In general (for any programming language, really), I would advocate for enabling warnings and address them as you go along.
Because that unlocks the developer feature of being able to react when code changes introduces warnings, as they generally point to unsound code.
>The provided code snippet is a function that converts an allocation size (asize) into the largest physical size (psize) that can be safely written to an allocation for a given virtual device (vdev). Here are some observations and potential issues in the code:
Return Value: The function currently returns asize instead of psize. This seems to be a mistake, as the purpose of the function is to compute and return the psize. The correct return statement should be:
return psize;
Variable Initialization: The variable psize is calculated based on asize, ashift, cols, and nparity. Ensure that these values are correctly initialized and that vdev_raidz_get_logical_width returns a valid value for cols. If cols is zero, it could lead to division by zero in the DIV_ROUND_UP macro.
Assertions: The assertion ASSERT0(asize % (1 << ashift)); checks that asize is a multiple of 2^ashift. If this assertion fails, it will cause the program to terminate. Ensure that this condition is always met before calling this function, or consider handling this case more gracefully.
Macro Usage: The DIV_ROUND_UP macro should be checked to ensure it handles edge cases correctly, such as when psize is zero. If psize is zero, the division could lead to unexpected behavior.
Code Readability: Consider adding more comments to explain the logic behind the calculations, especially for someone who may not be familiar with the RAID-Z implementation.
Error Handling: There is no error handling in the function. Depending on the context in which this function is used, it might be beneficial to add checks for invalid input values and return an error code or handle exceptions accordingly.
Here is a revised version of the function with the return value corrected:
.....(Snipped for formatting issues)
Make sure to test the function thoroughly to ensure it behaves as expected under various conditions.

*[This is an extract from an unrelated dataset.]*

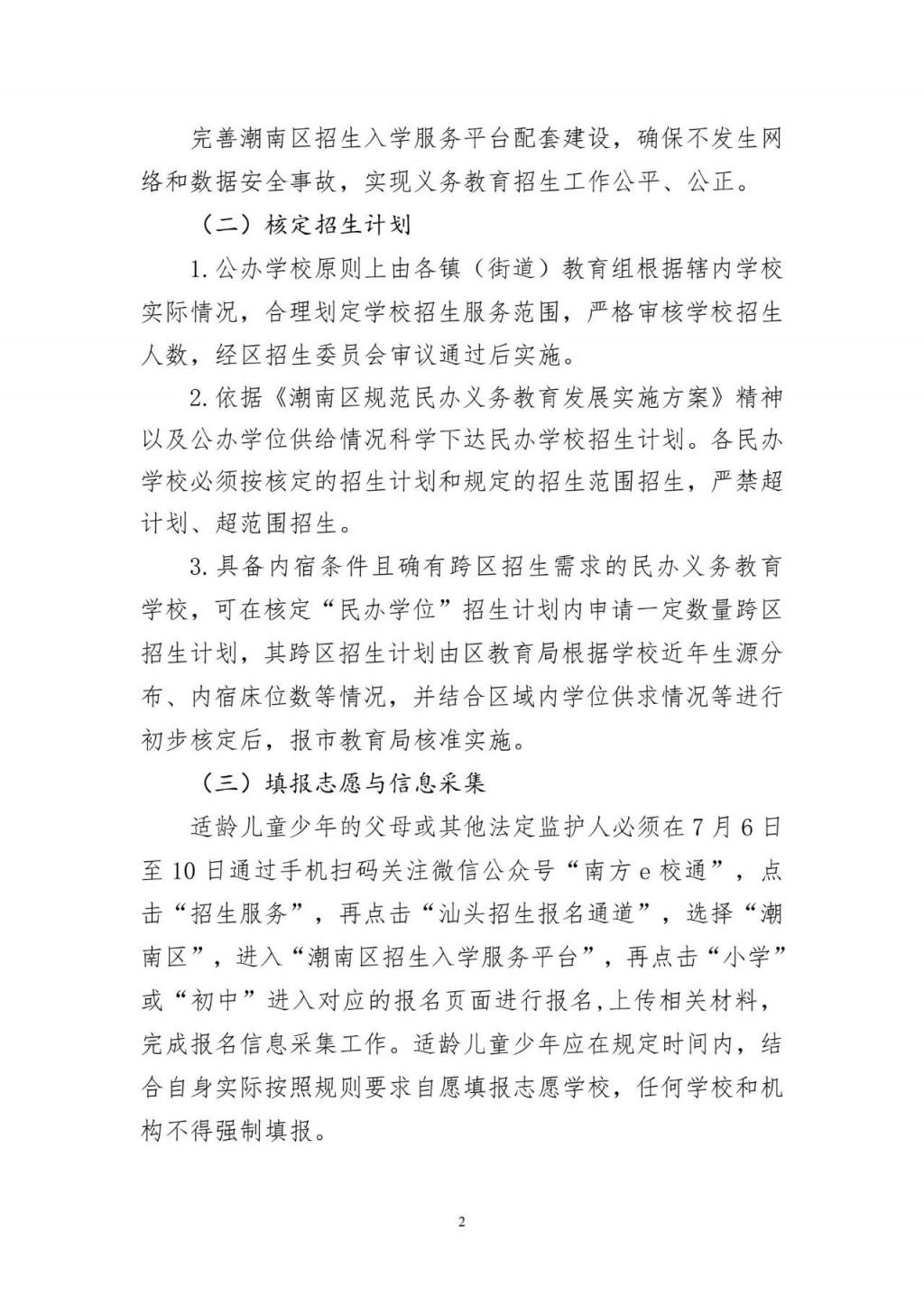 2.依据《潮南区规范民办义务教育发展实施方案》精神以及公办学位供给情况科学下达民办学校招生计划。各民办学校必须按核定的招生计划和规定的招生范围招生,严禁超计划、超范围招生。

accept the world has changed my friend!!
And more so, as the NSA, China, Russia etc will be using llms to comb repo's to find zero day vulnerabilities.

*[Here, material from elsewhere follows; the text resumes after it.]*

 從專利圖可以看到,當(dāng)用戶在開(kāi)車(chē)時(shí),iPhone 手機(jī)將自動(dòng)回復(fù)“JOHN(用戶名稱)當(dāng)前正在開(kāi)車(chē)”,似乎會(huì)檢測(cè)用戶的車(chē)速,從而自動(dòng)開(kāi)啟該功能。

Also, filesystems are an insanely complex problem, and ZFS is by far the most complex one to be widely deployed.
I have been playing with NetBSD for a bit and I discovered their FS has a log parameter, using that on mount to me makes their file system almost as good as ext4. Interesting to me it is not advertised too much.
jpfr•7mo ago
At the same time, the tooling has gotten much better in the last years.

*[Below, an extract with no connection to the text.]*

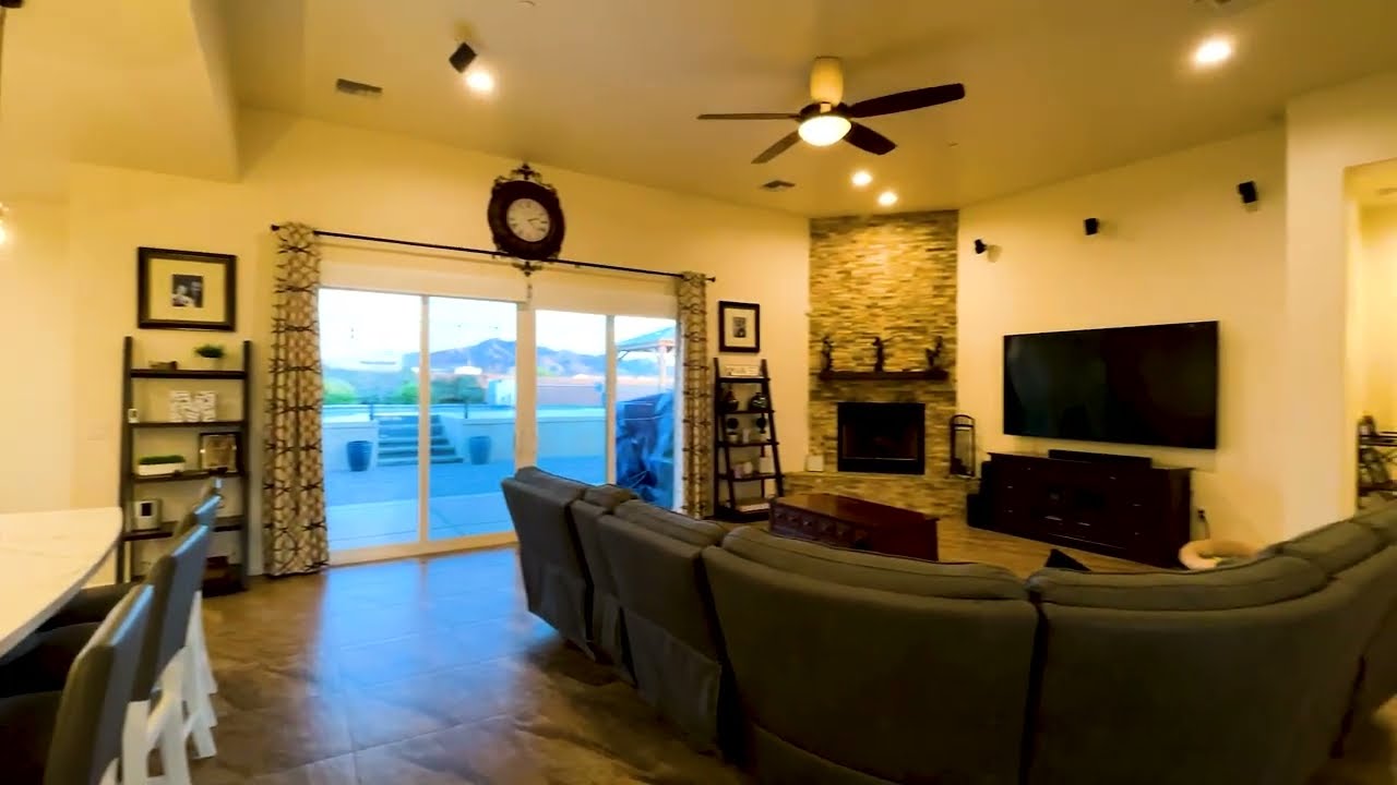 This stunning luxury home is located on 3.86 acres of horse property in Vail, Arizona. The home features a large pool with a solar coil heater, natural travertine pony wall, a large shed that can fit one full car garage, a four-rail white 5-foot fence at the entrance with two gates, a landscaped yard, an outdoor gazebo, 16 panel solar, an outdoor travertine fireplace, OSB board house wrap, Pella insulated windows, no HOA, 12-foot ceilings in the family, dining, and entrance, 10-foot ceilings throughout the rest of the house, an insulated wall in the family room for noise reduction for the primary bedroom, , a 36-inch gas wood fireplace with stone wall, surround sound, upgraded lighting, 8-foot upgraded 6-panel doors, upgraded tile throughout, quartz countertops, a large gourmet kitchen with two breakfast bars and a nook, a Zline gourmet stove with six burners (gas and electric), a microwave stove, a limestone kitchen backsplash, kraftmaid soft closing kitchen cabinets, a custom steel double hallway door with waterfall glass, a sliding door that is 12 feet long and 8 feet tall, a large claw foot bathtub, showers wrapped with travertine stone to the ceiling, a custom 8-foot steel insulated double front door with insulated glass, a large walk in closet with wood cabinets, a large laundry area with room for a full refrigerator, garage cabinets with a workbench, a large block backyard wall with three gates, 8 feet French doors into an office/game room, a large oversized three-car garage, a salt water softener, and upgraded carpet and padding.

Clang-analyzer is fast enough to run as part of the CI. Newer gcc also give quite a few more warnings for unused results.
My recommendation to the project is to
- Remove all compiler warnings and enable warning-as-error
- Increase the coverage of unit tests to >80%
That is a lot of work. But that's what is required for high-criticality systems engineering.
rollcat•7mo ago
Side note: OpenZFS already has an extensive test suite. Merely hitting a code branch wouldn't have caught this one.